A análise quantitativa e qualitativa do parecer dos peritos, culminou com a
introdução de inúmeras alterações no instrumento traduzido, que contribuíram para
garantir a correspondência de significados dos itens, para melhorar a compreensão e a
interpretação dos itens e para adequar as expressões à cultura portuguesa. Os dados
obtidos no pré-teste revelaram que os educadores de infância e professores
consideraram a linguagem do instrumento clara e acessível. Não existiram dificuldades
significativas no preenchimento dos itens, nem fundamentos para proceder a alterações,
tendo-se obtido assim a versão final da tradução.
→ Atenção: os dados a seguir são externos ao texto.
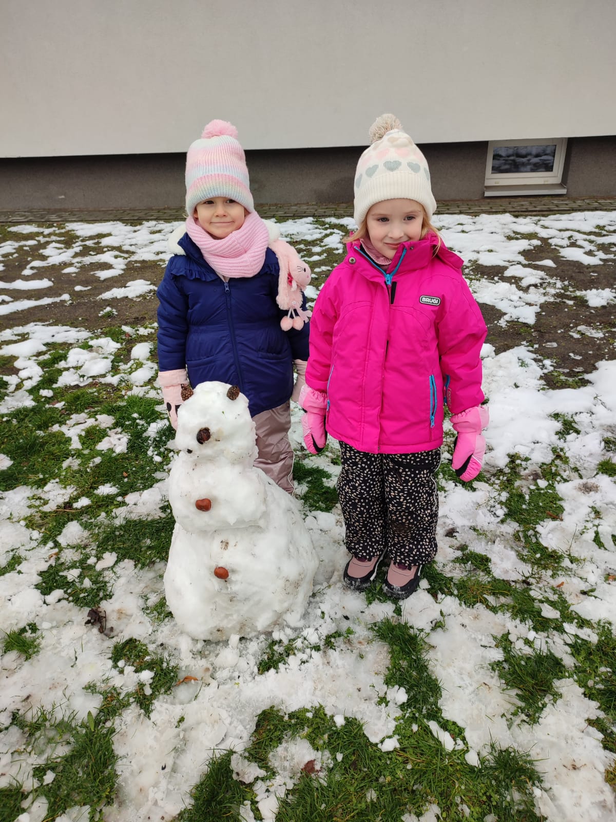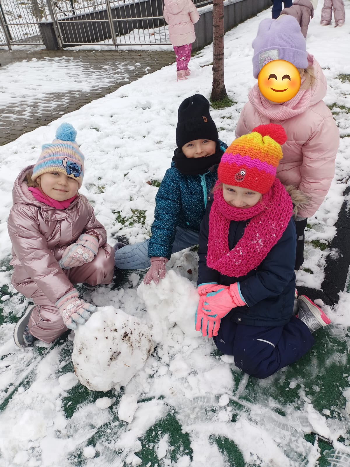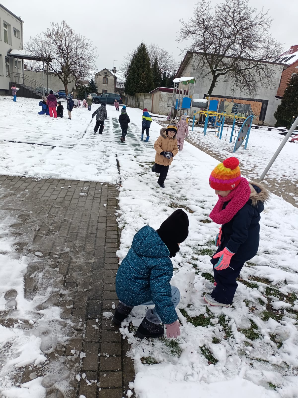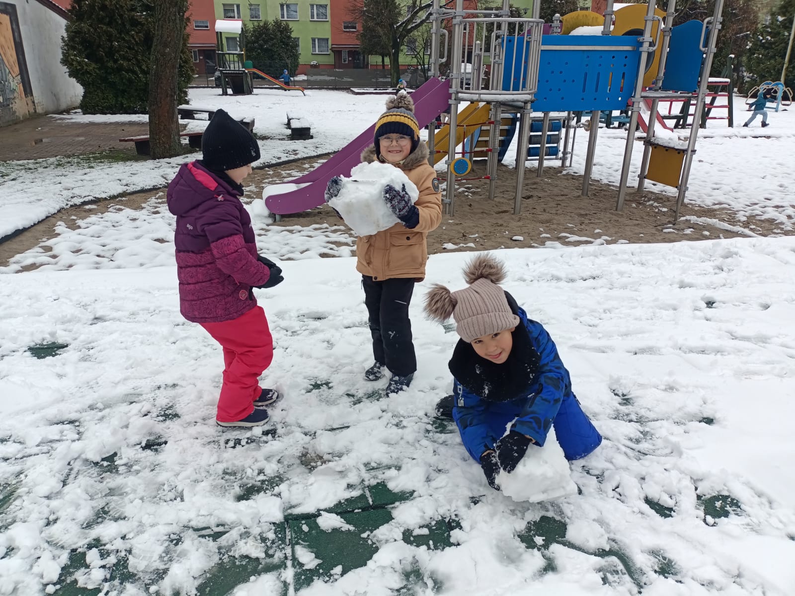 Dzieci z grup „Pszczółki” i „Słoneczka” z radością wyszły na przedszkolny plac zabaw, aby korzystać z uroków pierwszego śniegu. Maluchy z entuzjazmem biegały, lepiły małe bałwanki i obserwowały zimowe zmiany w otoczeniu. Pierwszy śnieg przyniósł im mnóstwo uśmiechu i świetnej zabawy na świeżym powietrzu.
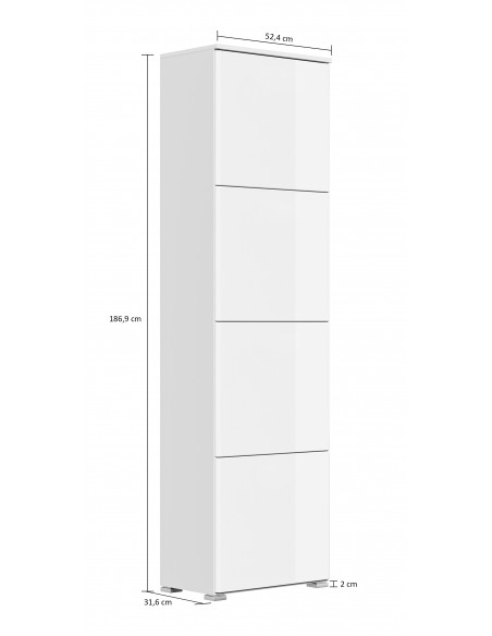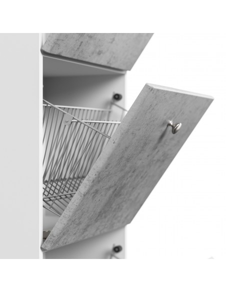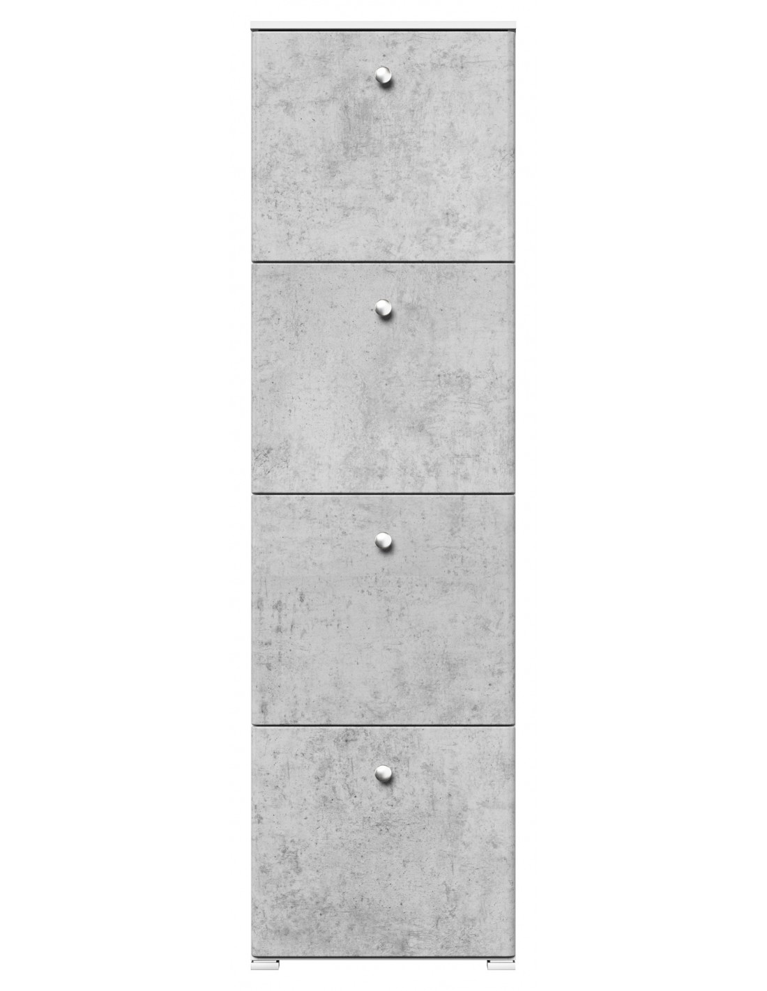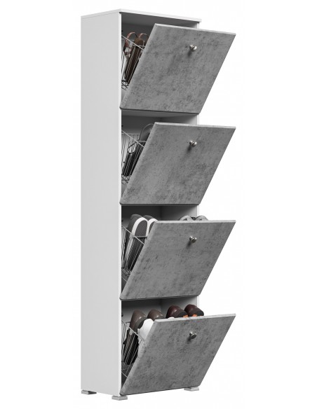 Skoskab udført i et design af mat hvid og betongrå mdf og møbelplade. Skoskabet måler 187 cm i højden og 52,4 x 31,6 cm i bredde og dybde.

O estudo teve como principal limitação a dimensão reduzida da amostra I,
devido à fraca adesão dos terapeutas ocupacionais com especialização em Integração
Sensorial, no período de tempo estabelecido para a realização do painel de peritos. Por
este motivo, não é tão representativa da população a que pertence e dificultou, por
vezes, a tomada de decisão. No entanto, não pôs em causa a equivalência linguística e
cultural do instrumento traduzido.
A realização deste estudo pretendeu contribuir para a qualidade e excelência da
prática clínica dos terapeutas ocupacionais portugueses, que não têm disponíveis até ao
momento instrumentos de avaliação em Integração Sensorial suficientemente validados.
Por outro lado, pretendeu valorizar a profissão e a abordagem de Integração Sensorial
em Portugal e incentivar a realização de futuros projetos de investigação nesta área de
intervenção.
Neste sentido, considera-se essencial a aplicação do instrumento a uma amostra
de grandes dimensões, representativa da realidade portuguesa, que permita a análise das
medidas psicométricas da SPM. É também fundamental a realização da adaptação
cultural e linguística da SPM – forma Ambientes Escolares, para que a avaliação da
criança no contexto escolar possa ser ainda mais abrangente.